And as they begin to ease up, it's a message you would expect to get from a CEO or from a legal firm. And it's really working.
One of the things I would recommend to organizations if they're worried about this, and they probably should be worried about business email compromise, is setting up DMARC so that your mail server— I know this is a bit nerdy, this.
We'll link to some stuff on the web so you can read more if you haven't already done it.
What you can do is you can protect your domain so that if criminals try and pose as you by using your domain, by forging an email, email systems can reject that email and say, well, that authentication doesn't appear to match.
It's not entirely foolproof. They can still send you emails, but they won't be quite as convincing. And so they're more likely to be suspected.
I don't want people pretending to be me, as if, you know, as if they would.
But what I found was that the account software which I use, sends invoices to people pretending to be my email address.
And so some of my clients weren't receiving my invoices because they were being sent by my partner, not me. And it didn't work with DMARC. So it doesn't work.
So in January of 2019, my name was used— a name very similar to mine was used to basically smear a guy called Ousmane Sonko, who was one of the main runners for the presidential race in Senegal.
I usually write about UK-based companies or individuals who are doing things untoward in West Africa because I started off working as a staff writer, a staff editor, writing about extractives, and I ended up writing a lot about Africa because it was in the same time zone.
And because of that, I just ended up going to all these bizarre conferences and encountering lots of very interesting people who were involved in the mining and oil and energy industry.
And I was really thinking, oh, so they all have offices in Mayfair and they all seem to have registered in the UK and they're on the alternative investment market, they're part of the London Stock Exchange, and yet I absolutely know that there's something very dodgy going on here.
So that was kind of— that became my practice as an investigative journalist. That's what was always interesting.
Because as a freelance investigative journalist writing about people who've got lots of money and power, there are certain advantages to not putting your name all over the place.
And I worked alongside groups from Global Witness, and I've written bits for Private Eye and Africa Confidential and other publications.
So I was to people who knew that world, they might have known me a little bit, but somebody from Ghana probably wouldn't have come across me before.
So this story went out on Modern Ghana and the author was called Michelle Damson.
So what happened basically was it didn't affect anyone in Ghana at all, but within minutes of this story going out, it had been sent round with some documents to a whole bunch of different publications in Senegal.
And obviously it mattered a lot to people in Senegal because that was where the election was going to happen in a few weeks' time.
And so all of the papers in Senegal were saying, is this true? Has Ousmane Sonko taken this massive bribe from Tullow Oil, which is a British oil company?
And who is the author of the story?

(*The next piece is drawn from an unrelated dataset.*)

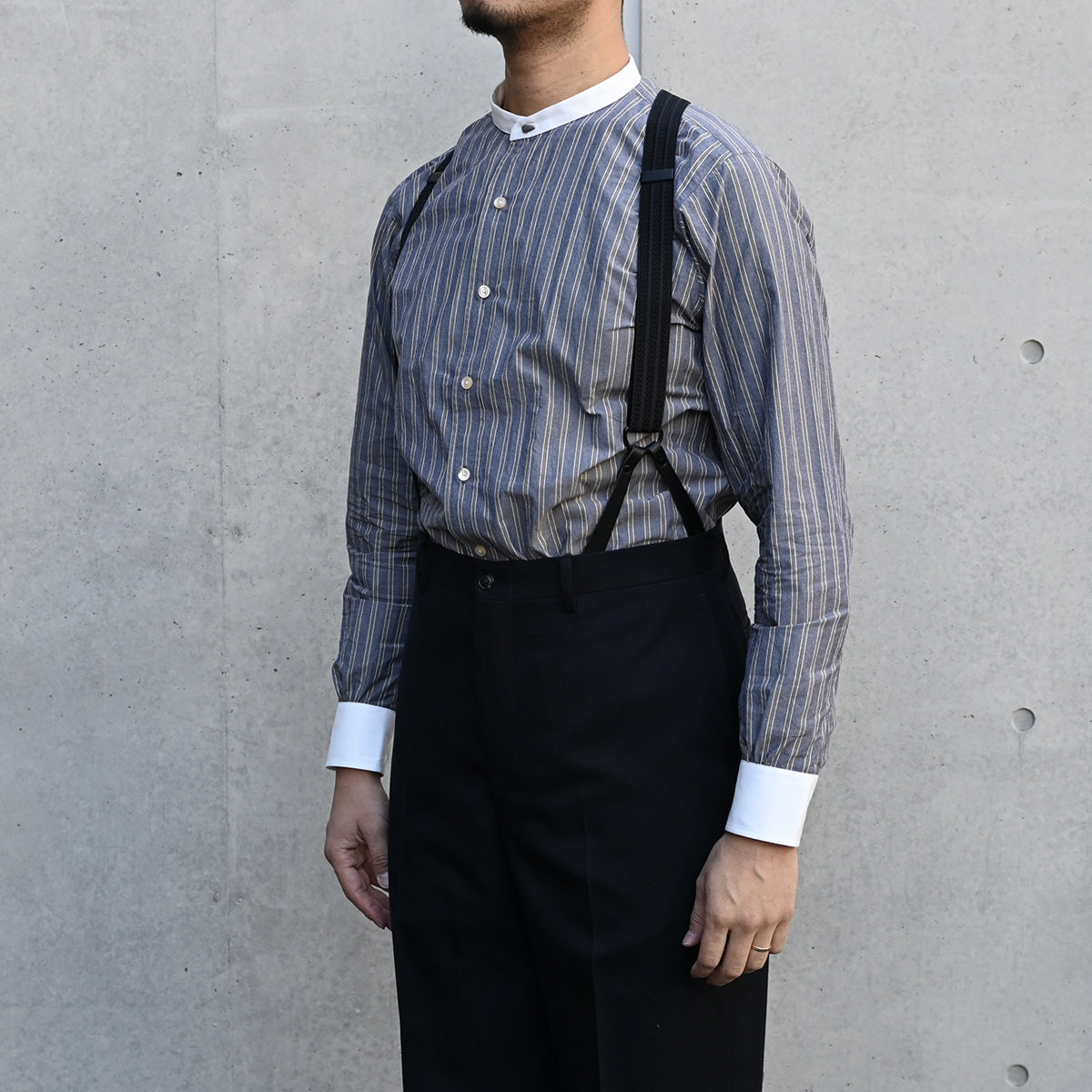 1930年代まで主流だったデタッチャブルカラー(取り外し可能なシャツ衿)を当時の仕様を参考に再現。 洗濯、洗剤の技術向上と共に市場から姿を消していくディティールです。

Who is Michelle Madsen?
And then when the story goes around out in Senegal, a couple of publications including Dakar Actu and some of the blog sites put out some evidence which were some letters from Tullow Oil which said, "Ah, Ousmane Sonko has given us some help and we're going to pay him some money." But these letters were definitely not made by, was it Cosmic Links?
Because they had put the Tullow logo right in the middle of the page and—
And after about 24 hours, this really fantastic fact-checker at Agence France-Presse called Anne-Sophie Febvre-Cadras, she's, "Wait a minute, I've seen that text before." And she found out they had been taken from a statement that Oxfam had put out on one of its websites about some project it had done.
So she basically disproved these documents. But by that point, loads of photos of me have been taken off my Facebook account and put on the papers in Senegal.
But this Michelle, right, rather than Michelle Damson, this Michelle we've got on right now, Michelle Madsen, has a history of writing articles about West Africa and about organisations, you know, doing stuff and messing around with politics.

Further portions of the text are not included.